# [Finnish NR] Niko Ronkainen 7.24 clock average (& 7.96 championship winning average)



## Ronxu (Aug 15, 2014)

[youtubehd]watch?v=s_iI88GAdJg[/youtubehd]


----------



## Evan Liu (Aug 15, 2014)

Nice solves, congrats!


Spoiler



First solve was 6.87, not 6.27. It's correct in the description but wrong in the video.


----------



## Ronxu (Aug 15, 2014)

Evan Liu said:


> Nice solves, congrats!



Thanks!



> First solve was 6.87, not 6.27. It's correct in the description but wrong in the video.

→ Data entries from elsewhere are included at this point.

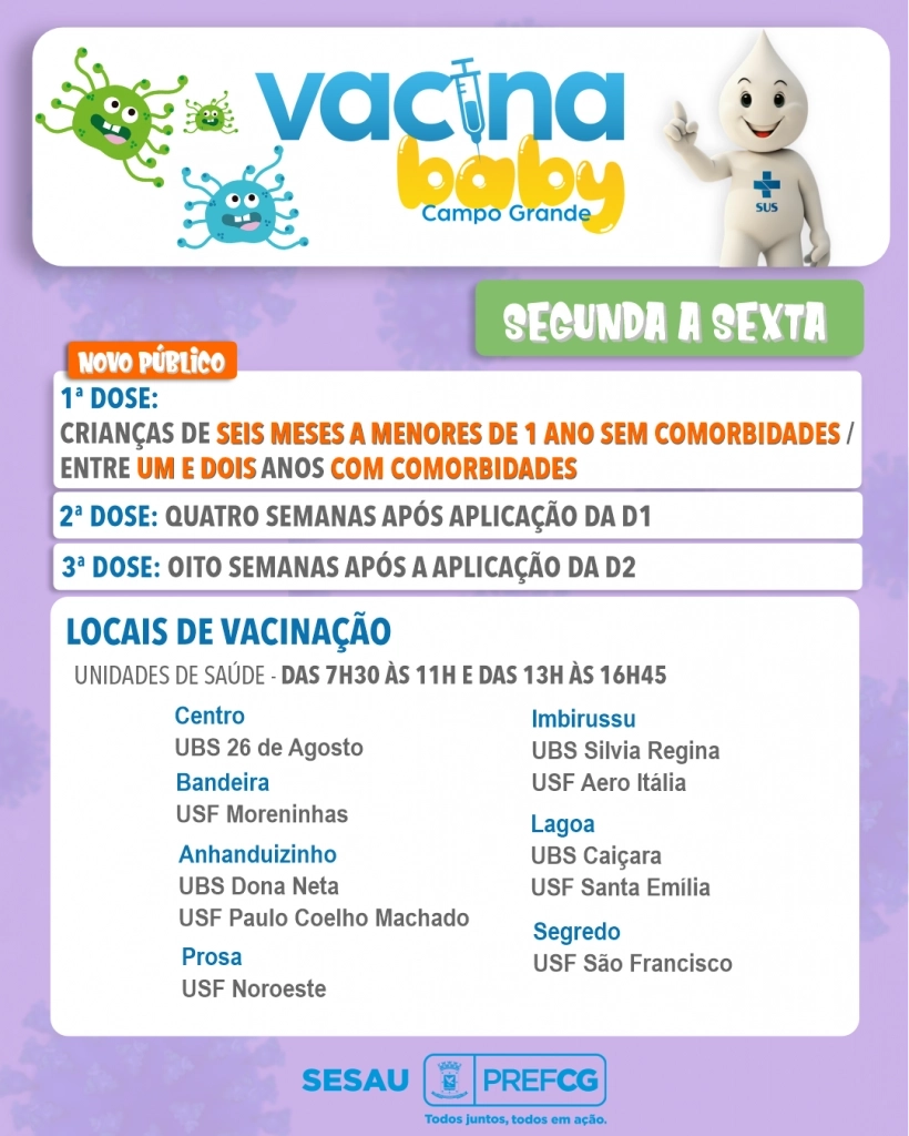 Segundo a Sesau (Secretaria Municipal de Saúde), nesta terça-feira (17), o atendimento é das 7h30 às 16h45. É preciso estar atento porque a aplicação das vacinas infantis é feita em unidades específicas.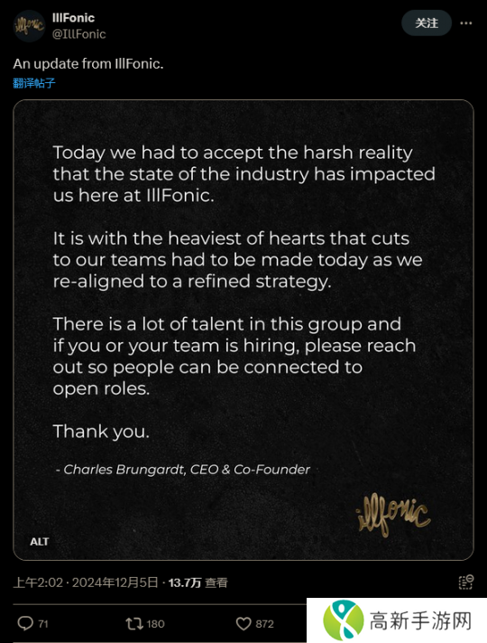 开发商首席执行官兼创始人之一 Charles Brungardt? 在社交媒体上写道:“今天,我们不得不接受残酷的现实,即行业现状对我们 IllFonic 产生了影响。今天我们怀着沉重的心情对我们的团队进行了裁员,作为我们对战略进行进一步完善的一部分。”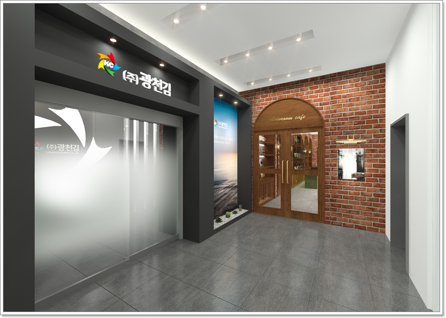 출입문의 모습입니다. 사무실로 들어가는 출입문의 경우에는 전체적으로 검정책 톤을 이용해서 단정함과 무게감을 주었으며 밋밋할 수도 있는 문에 유리문을 넣어서 개방성을 강조하였으며 유리문의 윗 부분에는 다채로운 색의 로고를 넣어서 투박하지만 정이 느껴지는 인터레이를 해보았습니다. 다른 한쪽의 카페테리아는 출입문과는 다르게 벽돌벽을 이용해서 독특함을 연출하였으며 우드톤을 이용한 문과 금박의 로고를 이용하여 유럽풍한 분위기를 만들어보았습니다.

Dammit, how did I miss that?


----------



## DuffyEdge (Aug 15, 2014)

Very nice solves!
I think all of us did pretty badly in the finals


----------



## Ronxu (Aug 15, 2014)

DuffyEdge said:


> Very nice solves!



Thanks!



> I think all of us did pretty badly in the finals



Yeah, I was surprised to win with this average. It was stupidly close though.


----------



## Bhargav777 (Aug 15, 2014)

Gj!


----------



## Ronxu (Aug 15, 2014)

Bhargav777 said:


> Gj!



ty


----------



## ryanj92 (Aug 15, 2014)

Congratulations again, Niko!
A well deserving European champion :3


----------



## Ronxu (Aug 15, 2014)

ryanj92 said:


> Congratulations again, Niko!
> A well deserving European champion :3



Thanks!


----------